The Treasury could significantly boost lending to SMEs by adopting an innovative approach to credit easing.

This is according to a new report by Will Hutton and Professor Ken Peasnell of Lancaster University Management School for the Big Innovation Centre.
 
The paper calls on the Treasury to create Special Purpose Vehicles (SPVs) which would buy high-quality SME debt from banks, enabling originating banks to increase investment in businesses. The new scheme would mean banks could invest less of their own credit in SMEs. And with measures in place to disincentivise risky lending, these investments would be profitable for banks.
 
Will Hutton, co-author of the report said: “This proposal achieves three aims simultaneously. Firstly, it incentivises loan origination with the organisations that have the capacity to screen and monitor loans – banks - by enabling access to the cheapest finance. Secondly, it provides a ready, controllable and easily adjustable means to stimulate economic activity in a targeted way. Thirdly, it creates the conduit for cash created by Quantitative Easing to flow directly into business activity.
 
“These are advantages that other proposals, such as a special SME bond, do not possess. As a result, the government could produce the public good of more contra-cyclical SME lending to stimulate and rebalance the economy at the same time. We estimate the new lending could exceed £15 billion by 2013/14, equivalent to a fiscal stimulus of around 1% of GDP.”
 
The proposal would see Special Purpose Vehicles (SPVs) set up for each participating bank. Unlike securitisation, which facilitated the downturn, these loans would be controlled by tight measures. The Treasury would have the power to reign in the process if it felt SMEs were being over-funded – averting the risk of bankruptcy.  In addition, loans from banks to SMEs would carry fewer risks by being subject to normal commercial rules.

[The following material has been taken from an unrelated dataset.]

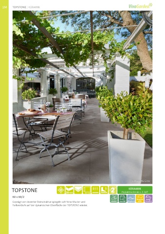 topstone 150 TOPSTONE | KERAMIK tOPStONe Grau tOPStONe Produktmerkmale s. S. 167 KERAMIK 60 x 60/2 Geprägt von dezenter Steinstruktur spiegeln sich feine Muster und Farbverläufe auf der dynamischen Oberfläche der TOPSTONE wieder.

This would provide banks with the incentive to carry out proper risk assessments when considering loan applications and to continue to monitor risks when servicing the loans.
 
The report argues that by adopting this proposal, the government could significantly raise levels of investment, innovation and employment in the UK by 2014.
 
The paper, entitled Credit where it’s due: How to revive bank lending to British small and medium sized enterprises, is part of a series of research reports for the Big Innovation Centre, an initiative of The Work Foundation and Lancaster University.